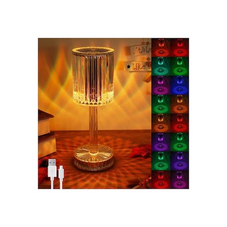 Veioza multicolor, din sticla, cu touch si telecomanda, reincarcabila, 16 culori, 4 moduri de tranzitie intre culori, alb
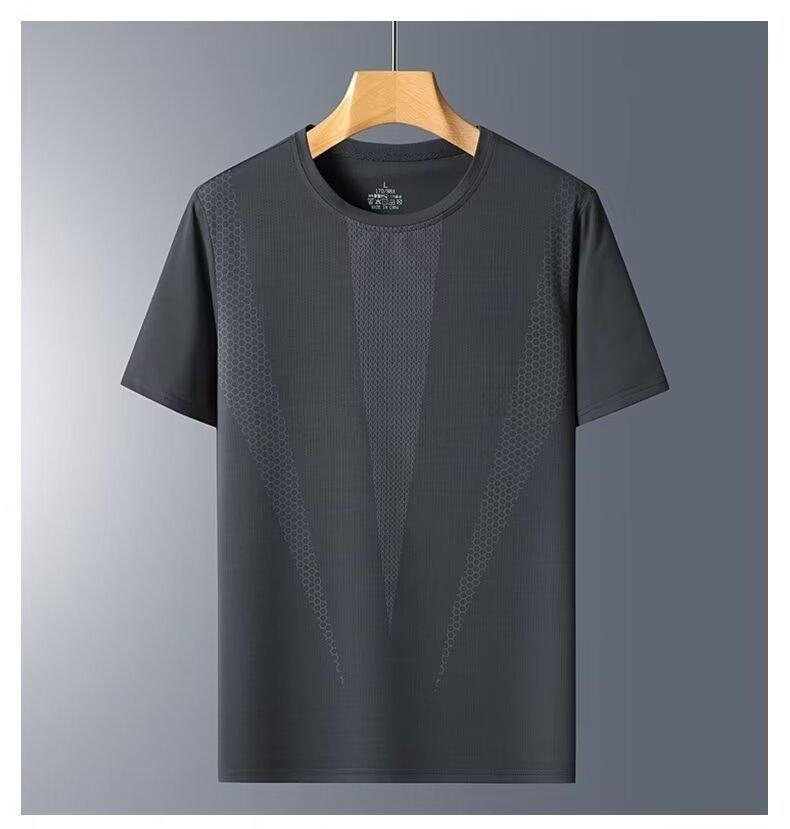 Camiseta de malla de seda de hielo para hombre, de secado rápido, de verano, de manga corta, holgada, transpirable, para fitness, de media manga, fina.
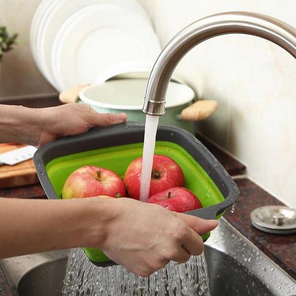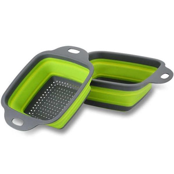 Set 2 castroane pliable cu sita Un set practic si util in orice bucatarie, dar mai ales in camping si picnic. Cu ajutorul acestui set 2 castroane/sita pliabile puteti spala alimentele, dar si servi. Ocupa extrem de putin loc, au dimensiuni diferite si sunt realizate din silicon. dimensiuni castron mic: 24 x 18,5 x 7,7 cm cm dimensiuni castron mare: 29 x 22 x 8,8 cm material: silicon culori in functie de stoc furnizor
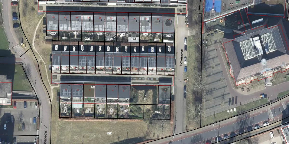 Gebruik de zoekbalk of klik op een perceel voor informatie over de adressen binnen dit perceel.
* * *
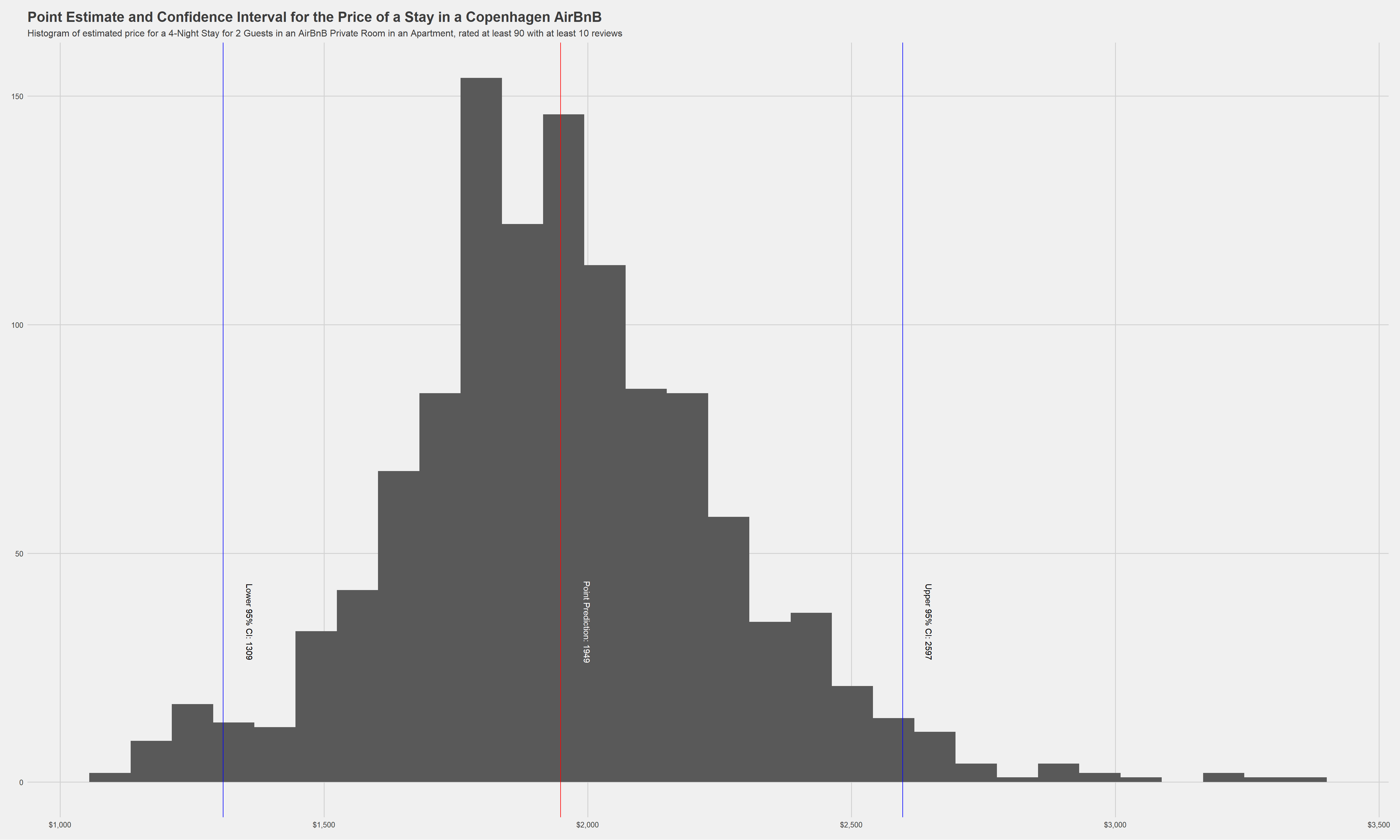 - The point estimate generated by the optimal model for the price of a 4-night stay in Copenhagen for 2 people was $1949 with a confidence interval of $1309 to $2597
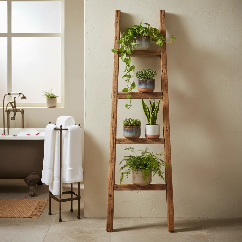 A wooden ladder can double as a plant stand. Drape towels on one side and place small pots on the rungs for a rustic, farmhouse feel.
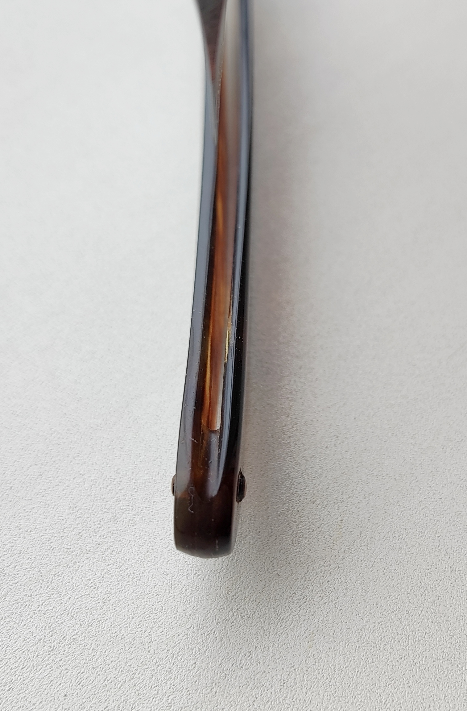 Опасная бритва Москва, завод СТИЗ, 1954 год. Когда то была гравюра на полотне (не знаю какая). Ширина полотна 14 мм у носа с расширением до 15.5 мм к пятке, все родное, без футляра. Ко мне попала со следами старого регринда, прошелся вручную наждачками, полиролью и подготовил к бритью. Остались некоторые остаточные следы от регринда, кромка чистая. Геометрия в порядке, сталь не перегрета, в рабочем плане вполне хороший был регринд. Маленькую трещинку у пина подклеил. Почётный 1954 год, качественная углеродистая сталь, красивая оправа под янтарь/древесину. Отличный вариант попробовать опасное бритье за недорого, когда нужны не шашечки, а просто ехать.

Goal of the exercise
Each line above starting at the one holding "Veioza multicolor, din" and ending at the one holding "Gebruik de zoekbalk" should be set down exactly as it stands, both ends included, with no pictures.

Problem solution
 Veioza multicolor, din sticla, cu touch si telecomanda, reincarcabila, 16 culori, 4 moduri de tranzitie intre culori, alb
 Camiseta de malla de seda de hielo para hombre, de secado rápido, de verano, de manga corta, holgada, transpirable, para fitness, de media manga, fina.
 Set 2 castroane pliable cu sita Un set practic si util in orice bucatarie, dar mai ales in camping si picnic. Cu ajutorul acestui set 2 castroane/sita pliabile puteti spala alimentele, dar si servi. Ocupa extrem de putin loc, au dimensiuni diferite si sunt realizate din silicon. dimensiuni castron mic: 24 x 18,5 x 7,7 cm cm dimensiuni castron mare: 29 x 22 x 8,8 cm material: silicon culori in functie de stoc furnizor
 Gebruik de zoekbalk of klik op een perceel voor informatie over de adressen binnen dit perceel.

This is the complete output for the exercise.